→ **Assignment**
Give back every entry precisely as written, without any of the images.

→ **Entries supplied**
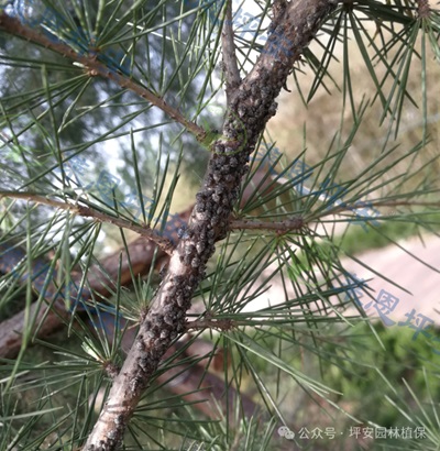 松大蚜屬半翅目蚜科刺吸害蟲,松大蚜廣泛分布于北京、遼寧、河北、河南、山東、陜西、山西、內(nèi)蒙古、江蘇、浙江及江西等地,主要危害黑松、油松、雪松、樟子松、馬尾松等針葉植物。
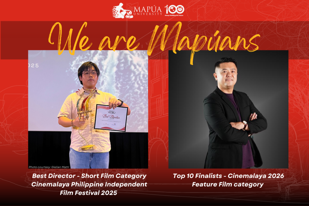 Two Mapúa University filmmakers received prestigious awards at the Cinemalaya Philippine Independent Film Festival 2025 held on October 12, 2025, at Shangri-la Plaza Cinema in Mandaluyong. Organized by the Cinemalaya Foundation and Cultural Center of the Philippines, the annual competition recognizes and supports promising filmmakers by recognizing their creative works and awarding seed grants to help them create their cinematic masterpieces.
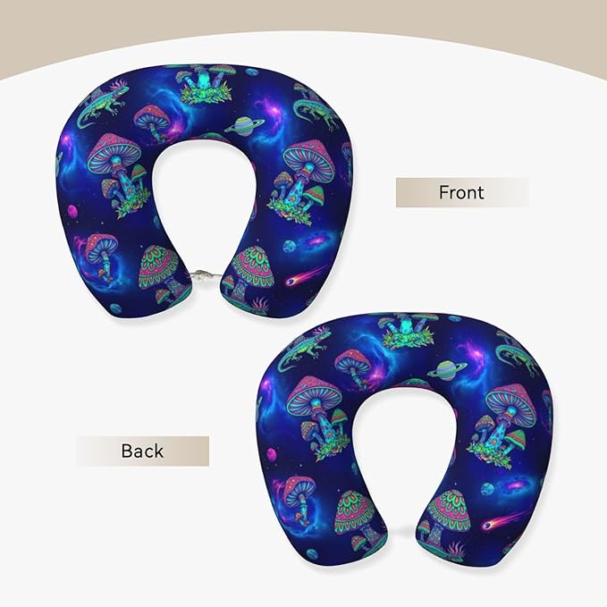 Neck Pillow Memory Foam Chin Cushion with Breathable Cover Trippy Mushrooms, Cute Airplane Car Pillows for Office Head Pain Relief
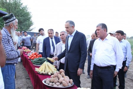 19 июн, раиси вилояти Хатлон Давлаталӣ Саид дар ҷамоати деҳоти Тугараки ноҳияи Восеъ аз рафти ҷамъоварии ҳосили пиёз, картошка, сабзӣ ва нашъунамои
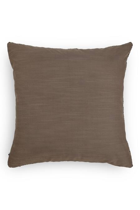 Neutral rectangle shaped set of 2 cushion cover with Nagari cityscape print & kantha stitchline thread embroidery.
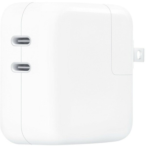 The 35W Dual USB-C Port Power Adapter allows you to charge two devices at the same time, whether you're at home, in the office, or on the go. Apple recommends using it with MacBook Air. You can also use it with iPhone, iPad, Apple Watch, and AirPods.
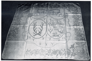 [107248] Schlobitten, Ort , Schloss, Serviette, Doppelwappen Dohna-Holstein, Sachsen-Schlesien 1738
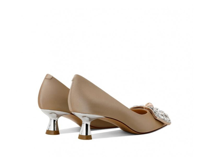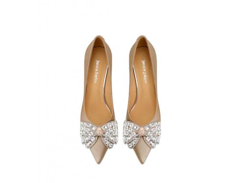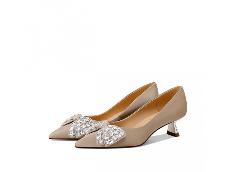 Leather Pointed Toe Rhinestone Bow High Heels
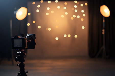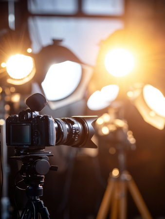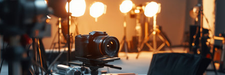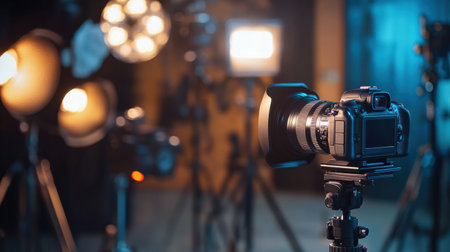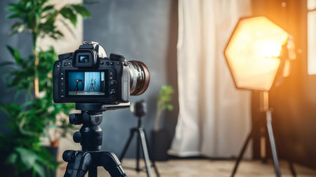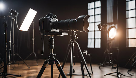 A professional studio setup with a camera, tripod, and lighting equipment, reflecting a creative and modern workspace.
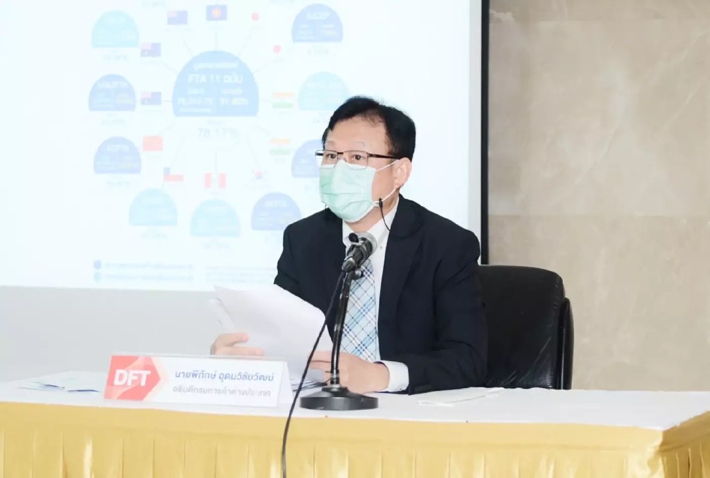 นายพิทักษ์ อุดมวิชัยวัฒน์ อธิบดีกรมการค้าต่างประเทศ เปิดเผยการใช้สิทธิประโยชน์สำหรับการส่งออกภายใต้ความตกลงการค้าเสรีหรือเอฟทีเอ (FTA) ในปี 2564 ตั้งแต่เดือนม.ค.– ธ.ค. มีมูลค่ารวม 76,312.79 ล้านดอลลาร์ เพิ่มขึ้น 31.40 %เมื่อเทียบกับช่วงเวลาเดียวกันของปีก่อน และมีสัดส่วนการใช้สิทธิฯ สูงถึง 78.17 % โดยเป็นการใช้สิทธิฯเพิ่มขึ้นสูงในทุกตลาด ประกอบด้วยอาเซียน ขยายตัว 35.91 % ออสเตรเลีย ขยายตัว 21.28 3 % ชิลี ขยายตัว 72.66 % จีน ขยายตัว 33.61 % อินเดีย ขยายตัว 48.17 % ญี่ปุ่น ขยายตัว 8.46 % เกาหลีใต้ ขยายตัว 38.30 % นิวซีแลนด์ ขยายตัว 49.26 % และเปรู ขยายตัว 143.17 %
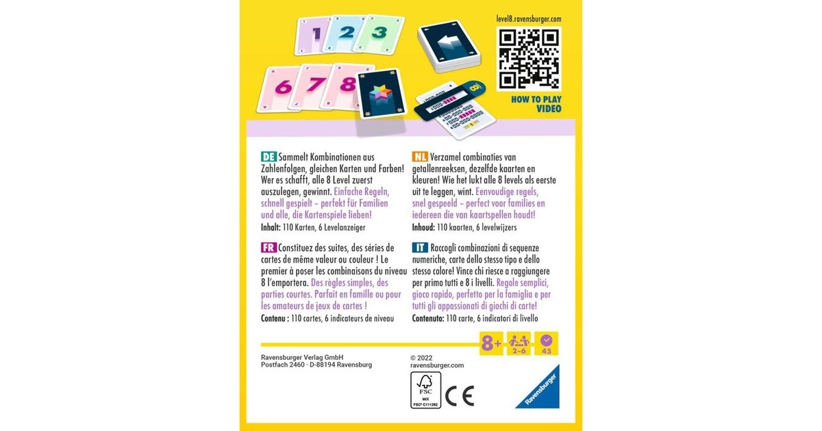 Bei Level 8 wetteifern zwei bis sechs Spieler Level für Level um den Sieg. Zu Beginn bekommt jeder Mitspieler eine Level-Karte mit allen acht Aufgaben sowie einen Level-Anzeiger, der angibt in welchem Level man sich gerade befindet. Wer legt die geforderten Kombinationen aus Zahlenfolgen, gleichen Karten und gleichen Farben am schnellsten aus? Einfache Regeln und der Zwang zu schnellen Entscheidungen bringen bei diesem Kartenspiel großen Spielspaß.Art.-Nr.: 1828791
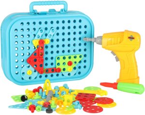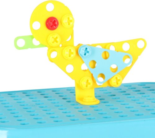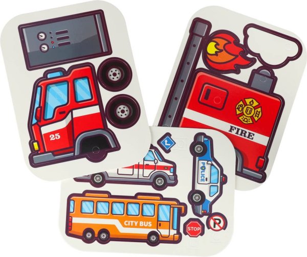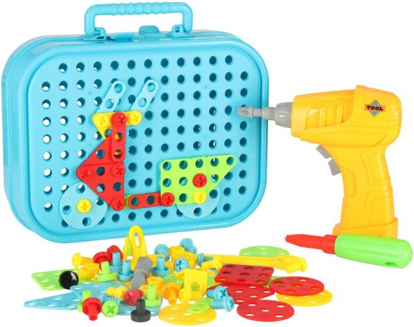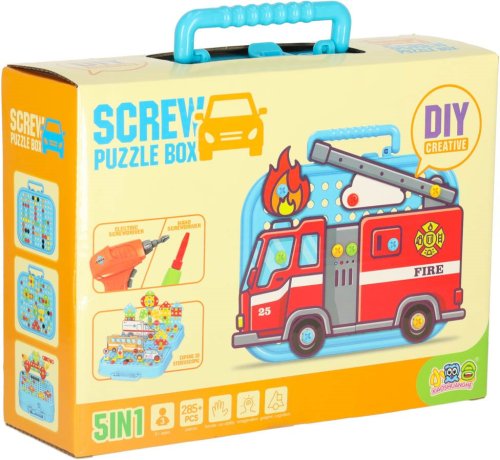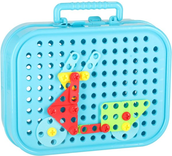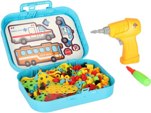 Procvičování manuální zručnosti a jemné motoriky, kreativity a poznávání tvarů, praktický plastový kufřík sloužící jako kreativní "plátno" a úložný prostor, barevné bloky a šrouby se vkládají pomocí šroubováku nebo bateriové vrtačky do otvorů v kufříku, kartonové figurky s dopravní tematikou umožňují vytvářet 3D díla.
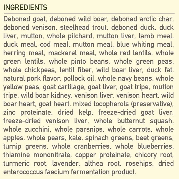 - Nutrient-dense dog food based on the diet dogs evolved to eat; features whole game, fish, fruits, veggies, and grasses
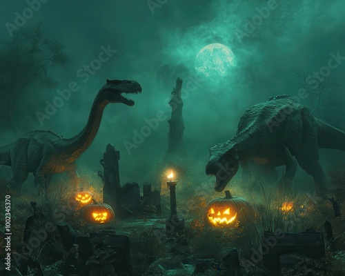 Halloween Night with Dinosaurs Pumpkins and Full Moon
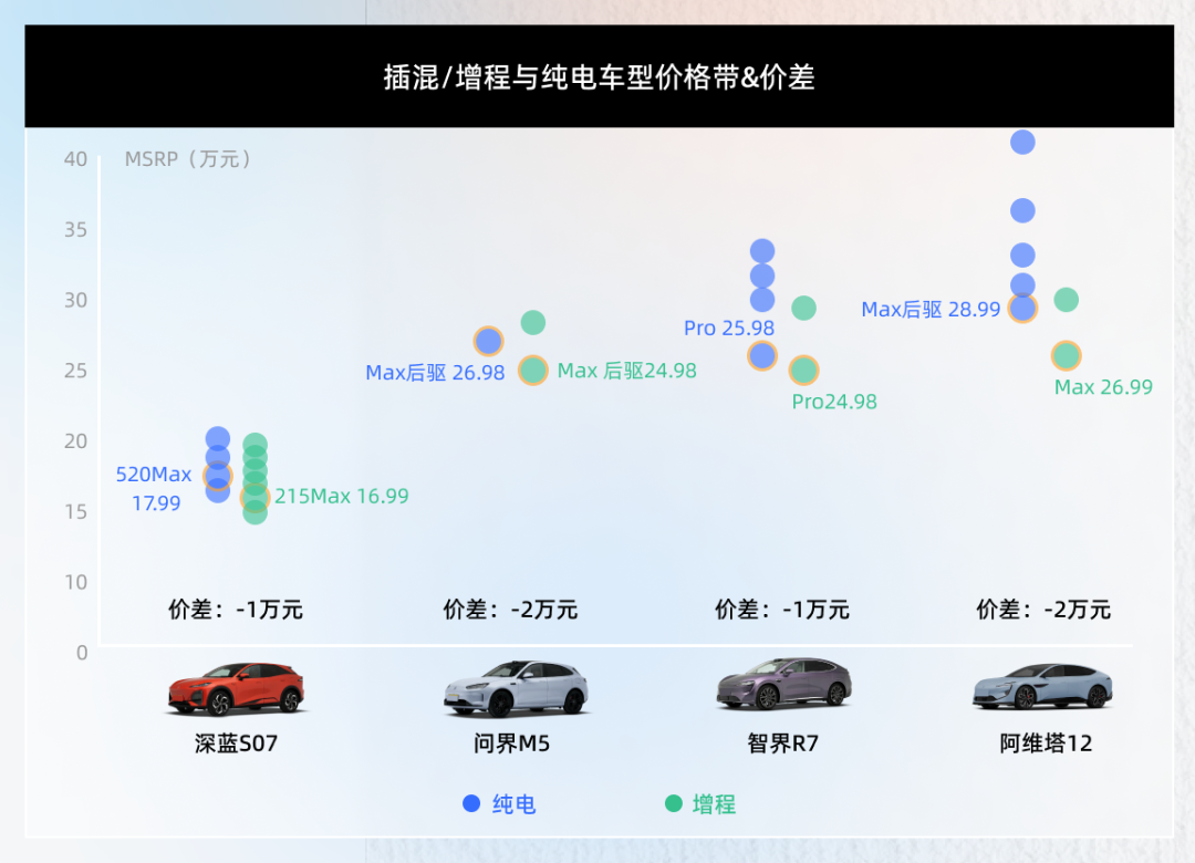 我们再看目前一些车型增程版和纯电版的价差,增程版普遍比纯电版便宜1万元以上。
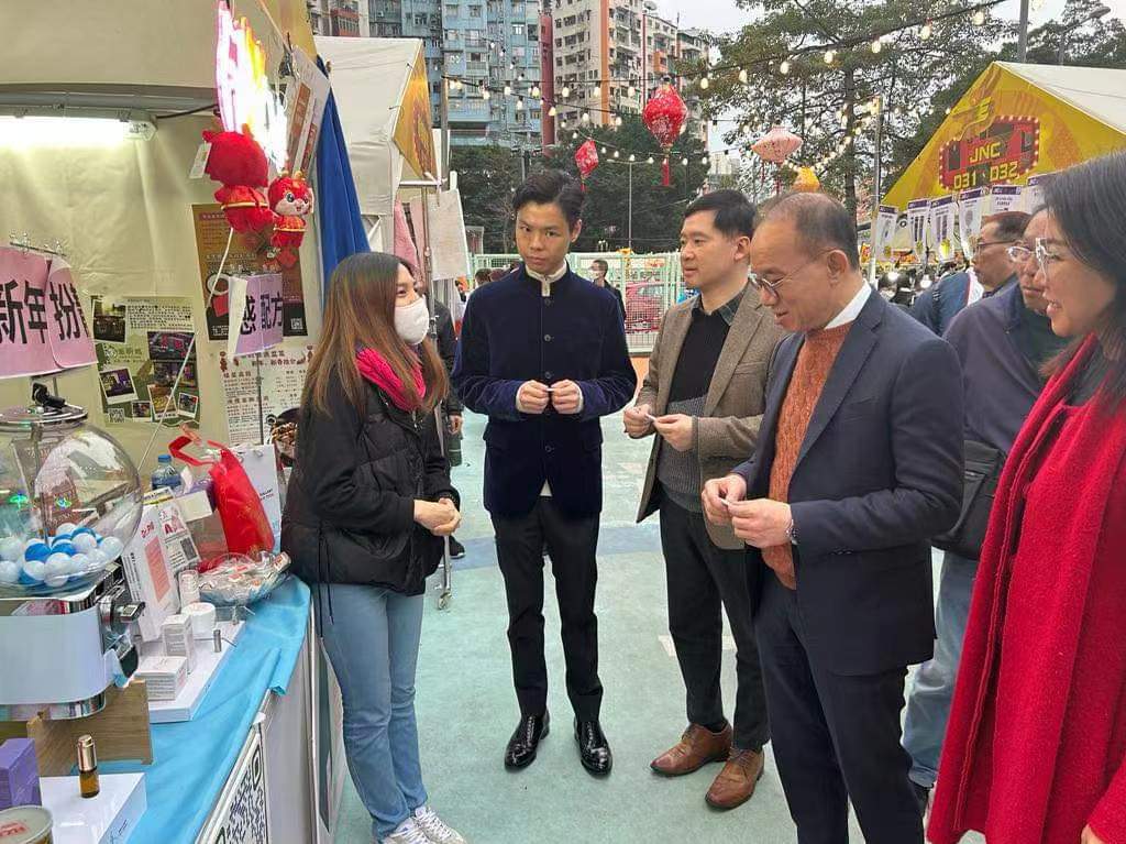 多名觀塘區(qū)區(qū)議員陪同曾局長和胡副局長到訪夜市多個攤位,他們祝賀檔主生意興隆,市民身體健康,人人心想事成,龍騰虎躍。
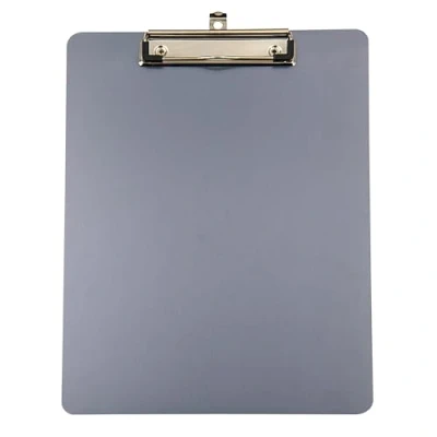 Gunmetal anodised aluminium clipboard Dimensions: 31.6 cm x 23.2 cm x 1.2 cm, plate thickness 1 mm Strong clamp with maximum clamping thickness of 8 mm Rounded corners and eyelet for hanging Durable, scratch-resistant, slightly frosted surface
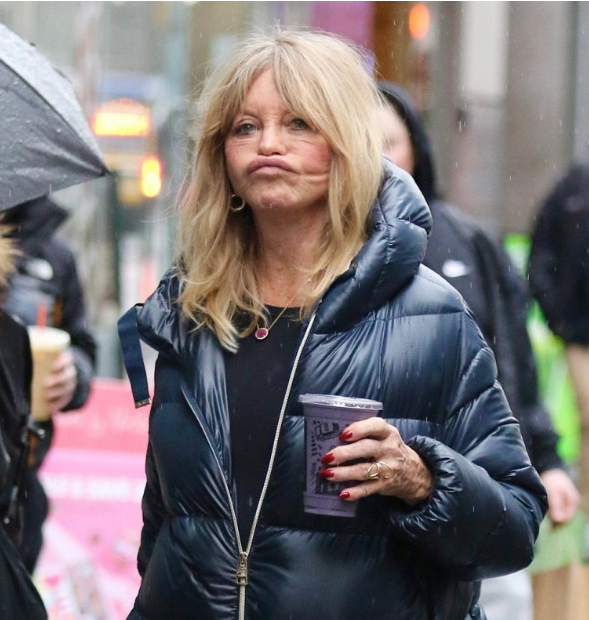 A botched facelift has radically altered the appearance of 77-year-old Goldie Hawn
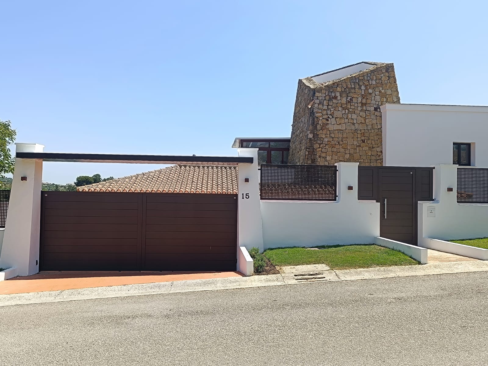 Conjunto formado por Puerta corredera automática de dos hojas + Puerta peatonal en aluminio

→ **Output below**
 松大蚜屬半翅目蚜科刺吸害蟲,松大蚜廣泛分布于北京、遼寧、河北、河南、山東、陜西、山西、內(nèi)蒙古、江蘇、浙江及江西等地,主要危害黑松、油松、雪松、樟子松、馬尾松等針葉植物。
 Two Mapúa University filmmakers received prestigious awards at the Cinemalaya Philippine Independent Film Festival 2025 held on October 12, 2025, at Shangri-la Plaza Cinema in Mandaluyong. Organized by the Cinemalaya Foundation and Cultural Center of the Philippines, the annual competition recognizes and supports promising filmmakers by recognizing their creative works and awarding seed grants to help them create their cinematic masterpieces.
 Neck Pillow Memory Foam Chin Cushion with Breathable Cover Trippy Mushrooms, Cute Airplane Car Pillows for Office Head Pain Relief
 19 июн, раиси вилояти Хатлон Давлаталӣ Саид дар ҷамоати деҳоти Тугараки ноҳияи Восеъ аз рафти ҷамъоварии ҳосили пиёз, картошка, сабзӣ ва нашъунамои
 Neutral rectangle shaped set of 2 cushion cover with Nagari cityscape print & kantha stitchline thread embroidery.
 The 35W Dual USB-C Port Power Adapter allows you to charge two devices at the same time, whether you're at home, in the office, or on the go. Apple recommends using it with MacBook Air. You can also use it with iPhone, iPad, Apple Watch, and AirPods.
 [107248] Schlobitten, Ort , Schloss, Serviette, Doppelwappen Dohna-Holstein, Sachsen-Schlesien 1738
 Leather Pointed Toe Rhinestone Bow High Heels
 A professional studio setup with a camera, tripod, and lighting equipment, reflecting a creative and modern workspace.
 นายพิทักษ์ อุดมวิชัยวัฒน์ อธิบดีกรมการค้าต่างประเทศ เปิดเผยการใช้สิทธิประโยชน์สำหรับการส่งออกภายใต้ความตกลงการค้าเสรีหรือเอฟทีเอ (FTA) ในปี 2564 ตั้งแต่เดือนม.ค.– ธ.ค. มีมูลค่ารวม 76,312.79 ล้านดอลลาร์ เพิ่มขึ้น 31.40 %เมื่อเทียบกับช่วงเวลาเดียวกันของปีก่อน และมีสัดส่วนการใช้สิทธิฯ สูงถึง 78.17 % โดยเป็นการใช้สิทธิฯเพิ่มขึ้นสูงในทุกตลาด ประกอบด้วยอาเซียน ขยายตัว 35.91 % ออสเตรเลีย ขยายตัว 21.28 3 % ชิลี ขยายตัว 72.66 % จีน ขยายตัว 33.61 % อินเดีย ขยายตัว 48.17 % ญี่ปุ่น ขยายตัว 8.46 % เกาหลีใต้ ขยายตัว 38.30 % นิวซีแลนด์ ขยายตัว 49.26 % และเปรู ขยายตัว 143.17 %
 Bei Level 8 wetteifern zwei bis sechs Spieler Level für Level um den Sieg. Zu Beginn bekommt jeder Mitspieler eine Level-Karte mit allen acht Aufgaben sowie einen Level-Anzeiger, der angibt in welchem Level man sich gerade befindet. Wer legt die geforderten Kombinationen aus Zahlenfolgen, gleichen Karten und gleichen Farben am schnellsten aus? Einfache Regeln und der Zwang zu schnellen Entscheidungen bringen bei diesem Kartenspiel großen Spielspaß.Art.-Nr.: 1828791
 Procvičování manuální zručnosti a jemné motoriky, kreativity a poznávání tvarů, praktický plastový kufřík sloužící jako kreativní "plátno" a úložný prostor, barevné bloky a šrouby se vkládají pomocí šroubováku nebo bateriové vrtačky do otvorů v kufříku, kartonové figurky s dopravní tematikou umožňují vytvářet 3D díla.
 - Nutrient-dense dog food based on the diet dogs evolved to eat; features whole game, fish, fruits, veggies, and grasses
 Halloween Night with Dinosaurs Pumpkins and Full Moon
 我们再看目前一些车型增程版和纯电版的价差,增程版普遍比纯电版便宜1万元以上。
 多名觀塘區(qū)區(qū)議員陪同曾局長和胡副局長到訪夜市多個攤位,他們祝賀檔主生意興隆,市民身體健康,人人心想事成,龍騰虎躍。
 Gunmetal anodised aluminium clipboard Dimensions: 31.6 cm x 23.2 cm x 1.2 cm, plate thickness 1 mm Strong clamp with maximum clamping thickness of 8 mm Rounded corners and eyelet for hanging Durable, scratch-resistant, slightly frosted surface
 A botched facelift has radically altered the appearance of 77-year-old Goldie Hawn
 Conjunto formado por Puerta corredera automática de dos hojas + Puerta peatonal en aluminio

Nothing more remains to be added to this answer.